Residents of Pforzheimer House defeated a House-wide referendum last night that would have given special consideration in this year’s housing lottery to residents of the dilapidated Jordan overflow dorms.
The proposal to give Pforzheimer residents a one-point advantage in their housing lottery number for each semester they had to live in Jordan this year was defeated decisively, according to Brent S. Tworetzky ’03, treasurer of the Pforzheimer House Committee, who conducted a preliminary vote count shortly before voting closed last night.
Several Jordan residents said they devised the plan as the lottery approached and they looked at the condition of their dorm, which the College will gut and refurbish this summer.
“We’ve had flooding...we’ve had steam explosions,” said Joshua D. Savage ’03, one of the authors. “A lot of the kids in Jordan don’t like their situation and when you add to that being physically removed from the House it makes it hard to knit with the House community.”
“We’ve all lived in pretty poor conditions and we just want to see evidence that the House cares about that,” he said.
Rebeccah G. Watson ’04, another author of the proposal, said she felt isolated living in Jordan.
“It’s one of those experiences where you go into the House and no one know you and you say, ‘I’m in Jordan,’ and they go, ‘Oh,’” she said. “I feel like I’ve gotten to know people just by doing this.”
Watson said she does not think moving Jordan residents’ lottery numbers up by one point per semester is too drastic a change. She cited a policy in Quincy House that gives residents of Old Quincy lottery preference over residents of New Quincy.
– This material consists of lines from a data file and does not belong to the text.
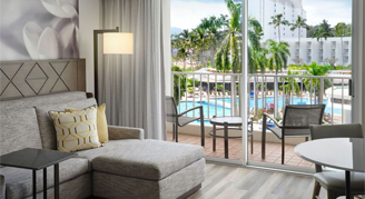 Rooms feature views of the resort's 26,000-square-foot pool.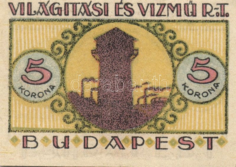 Budapest 1920. "Világítási és Vízmű Rt." 1K, 2K, 5K, 3klf db T:I,I- https://www.darabanth.com/de/92-Fernauktion/92.0/Numismatik/~294/Budapest-1920-Vilagitasi-es-Vizmu-Rt-1K-2K-5K-3klf-db-TI-I-~II207038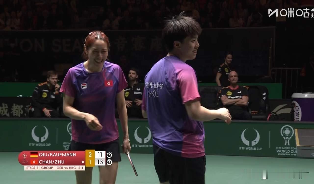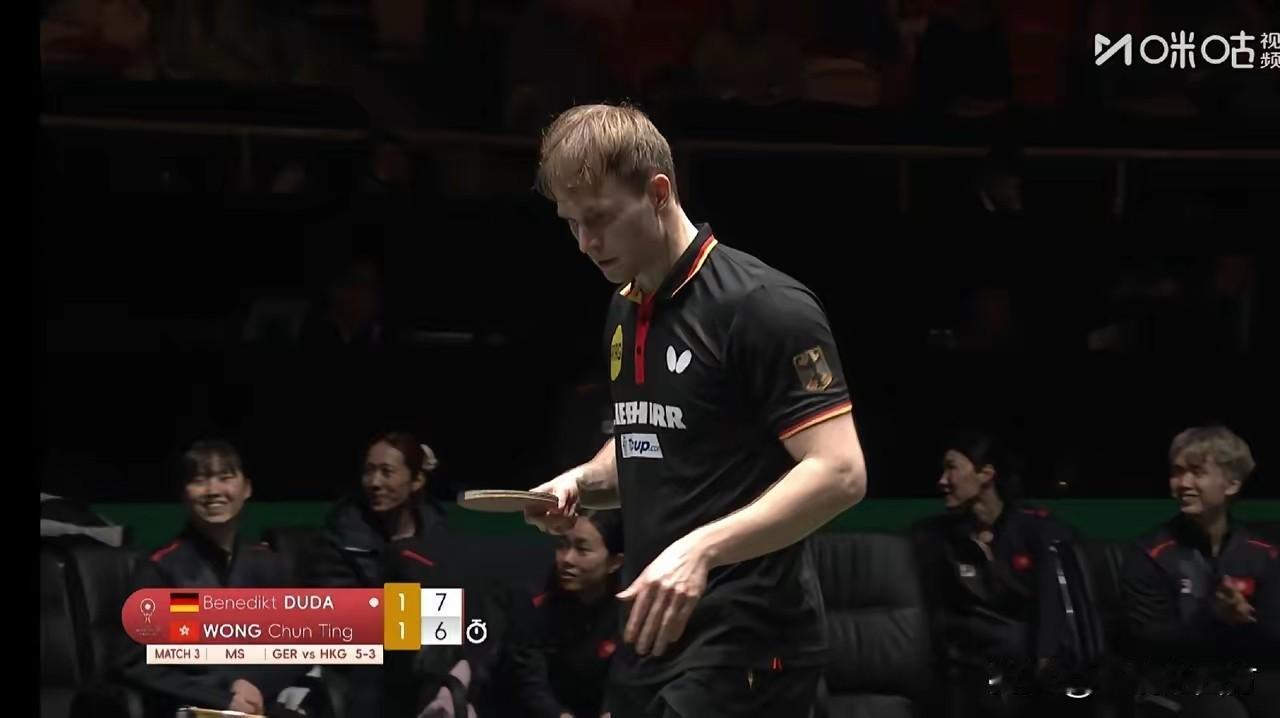 国际乒联混合团体世界杯第二阶段循环赛最后结束的一场比赛,已经锁定第三名晋级半决赛的德国队对阵已经无缘出线的中国香港队,首盘混双,邱党/考夫曼2-1战胜陈灏桦/朱成竹,第二盘女单,温特2-1战胜杜凯琹,第三盘男单,黄镇廷2-1击败杜达,第四盘男双,邱党/杜达2-1逆转战胜黄镇廷/陈颢桦,为队伍拿到赛点,第五盘女双,温特/考夫曼11-8击败杜凯琹/朱成竹,帮助队伍8-5锁定胜利,将与中国队争夺决赛权。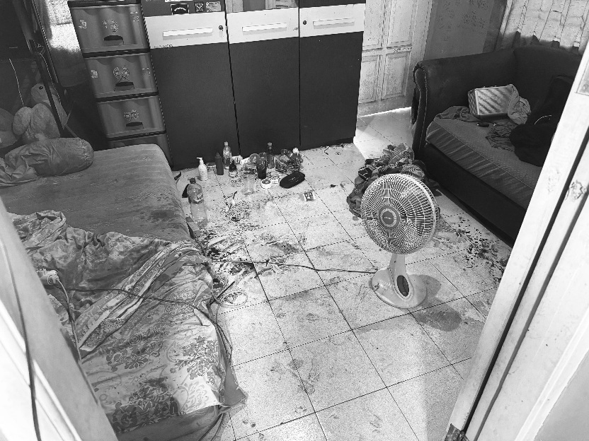 Ceceran darah itu juga merembes ke atas kasur lantai dan sprei yang berantakan di sudut ruangan. Beberapa botol minuman serta barang-barang pribadi lainnya tampak berserakan.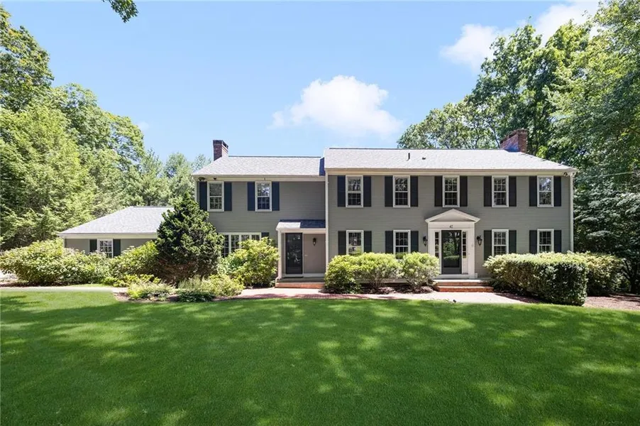 Experience Resort-style living in East Greenwich with a clay tennis court, in-ground pool, and pool house! This 4 bedroom home with over 4200 square feet of living space is nestled in the desirable Queens Grant neighborhood. Inside the home, you will find oak hardwoods throughout with an abundance of natural light. The eat-in kitchen features inspiring counter space in an attractive layout with granite countertops and stainless steel appliances. Off of the kitchen, there is a large family room that flows into a sunroom. Also on this level is a spacious formal dining room, beautiful living room and bathroom, and washer and dryer. Head upstairs to the second level and enter the primary suite with a walk-in closet, full bathroom, and home office. Three more large bedrooms and closets, in addition to 2 more full bathrooms complete this floor. The lower level has a huge recreation room and plenty of storage. The backyard has gorgeous landscaping, a pool house, an in-ground pool, and a clay tennis court. This home is within walking distance of the high school and close to Main Street.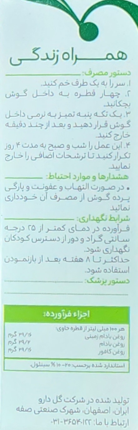 قطره گوش ایرگل، حاوی روغن های گیاهی بادام شیرین، بادام زمینی و کافور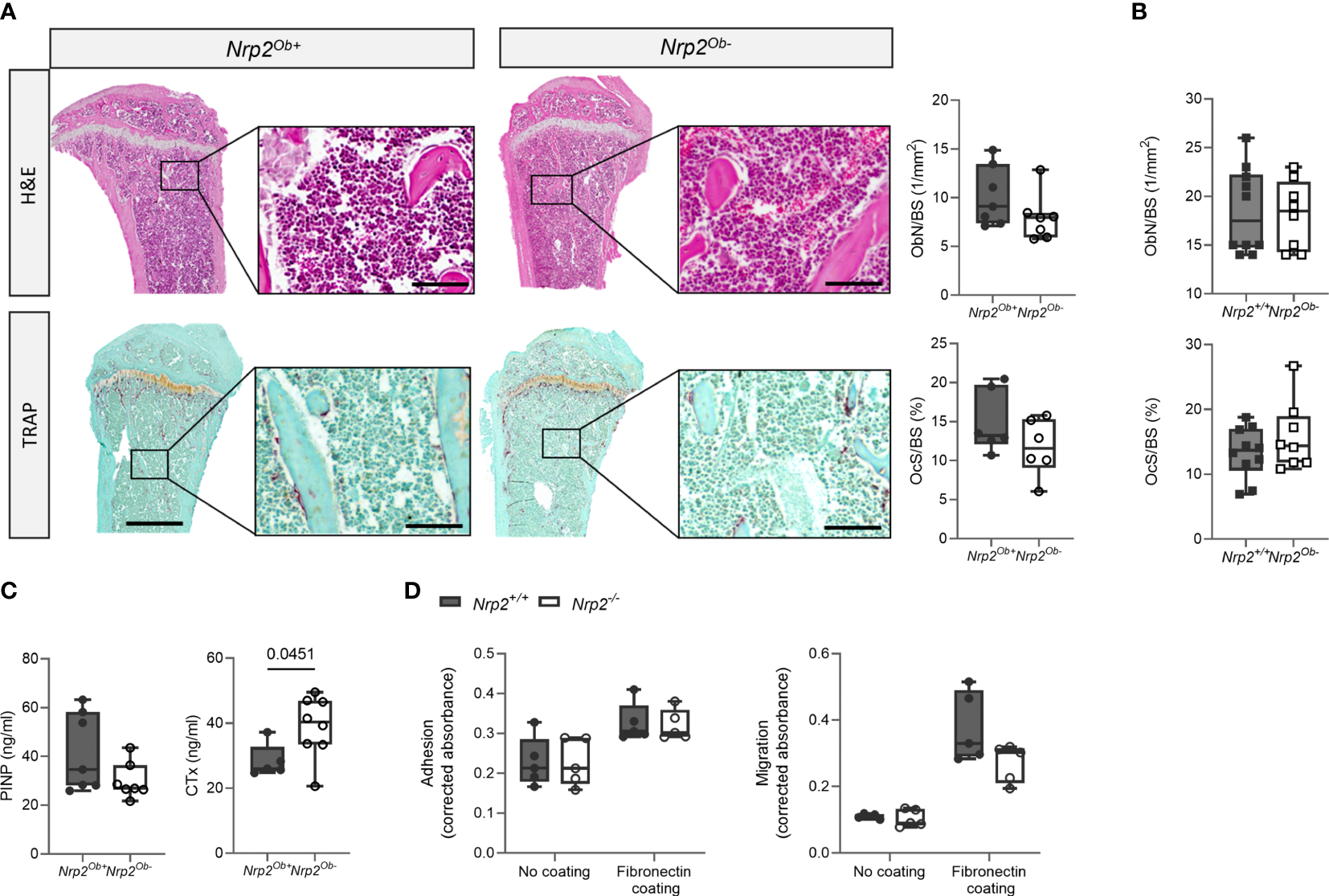 Despite the reduced trabecular bone mass in male Nrp2Ob- mice, bone histomorphometry revealed no differences in osteoblast number or in osteoclast surface between Nrp2Ob- mice and their wildtype littermates (Figure 3A). Also in female mice, histomorphometric analysis did not reveal any effect of Nrp2 deletion on osteoblast or osteoclast numbers (Figure 3B). Serum P1NP levels, a marker for osteoblast activity, tended to be slightly lower in male Nrp2Ob- mice, however, this difference did not reach significance (Figure 3C, left panel), whereas serum levels of CTx, a marker for osteoclast activity, were significantly increased in Nrp2Ob- mice (Figure 3C, right panel). Transcript analysis of whole bone homogenates from Nrp2Ob- mice and their wildtype littermates did not show any differences in expression of osteoblast (osteocalcin, osteopontin) or osteoclast (cathepsin K) markers in male or female mice (Supplementary Figures 2B, C). To investigate whether Nrp2 deletion in calvarial osteoblasts affected their intrinsic differentiation capacity, we performed in vitro mineralization studies. However, alizarin red staining and qPCR analysis did not show any differences in mineralization efficacy of osteoblasts derived from Nrp2Ob- mice or from their wildtype littermates (Supplementary Figure 3). Finally, as NRP2 can act as a coreceptor for different semaphorin ligands, which are involved in the regulation of cell adhesion and migration, we evaluated whether osteoblastic Nrp2 deletion affected their adhesive and migratory capacity. As can be observed in Figure 3D, fibronectin coating enhanced cell adhesion and induced cell migration, however, to the same extent for Nrp2+/+ and Nrp2-/- osteoblasts. Similar results were obtained for vitronectin coating (data not shown).
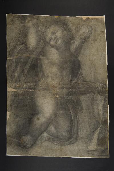 - NOTIZIE STORICO CRITICHE Questo cartone preparatorio rappresenta un raro documento che testimonia la tecnica adottata da Peterzano nel trasporto del disegno in scala reale dalla carta alla superficie pittorica. Ad oggi non si è in grado di rintracciare l'opera per la quale il cartone è stato approntato, ma il modello ricorre spesso nello opere del maestro a partire dai putti affrescati nella controfacciata della chiesa milanese di San Maurizio al Monastero Maggiore. Un simile modello si riscontra anche nella decorazione della cappella di Sant'Antonio nella chiesa di Sant'Angelo a Milano.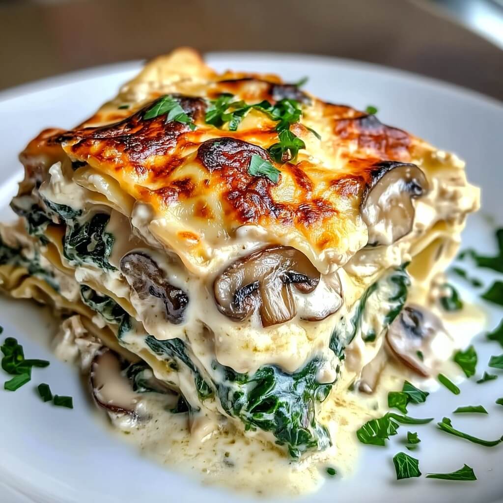 If you love lasagna but don’t always want the heaviness of a red sauce and meat layers, this creamy spinach and mushroom lasagna is the answer. It’s rich without feeling…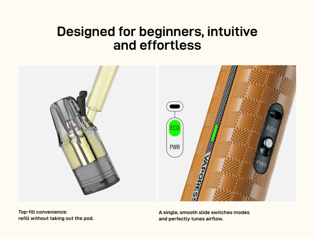 Featuring a top-fill design, the Vibe SE 2 Kit allows for quick and clean refills. The single switch system lets users fine-tune airflow easily, keeping adjustments simple without adding unnecessary complexity.

This year Currier House, which overflows into one Jordan entryway, is giving rising juniors who lived in Jordan preference over other juniors in the lottery.
But other Pforzheimer residents said the proposal amounted to changing the rules of the lottery after the fact.
“One point seems kind of trivial but it really can make a big difference in room selection,” said Damien A. Williamson ’04, one of the most vocal opponents of the proposal. “The essence of the lottery is everyone has an equal chance of getting a low lottery number and everyone can get bad housing.”
Williamson, who is also a Crimson editor, said that while his blocking group got a suite in the lottery last year, the blocking group just below them did not. In Pforzheimer, each member of a blocking group picks a lottery number and then the group’s numbers are averaged. In Williamson’s case, his blocking group had just a one-eighth point advantage over the next group.
Yesterday evening, before the results were tabulated, D.A. Miishe Addy ’03, secretary of the Pforzheimer House Committee, said she did not expect the proposal to pass because residents would vote according their location—and more students live in Pforzheimer proper than in Jordan.
The proposal proceeded to a House referendum after it failed to pass a HoCo vote two weeks ago by a eight-to-five margin, with four members abstaining.
“It was a really passionate discussion,” Addy said of the HoCo meeting. “I felt it was dividing friendships. It was typical Harvard people disagreeing in personal issues and with all the fervor as if your life depended on it.”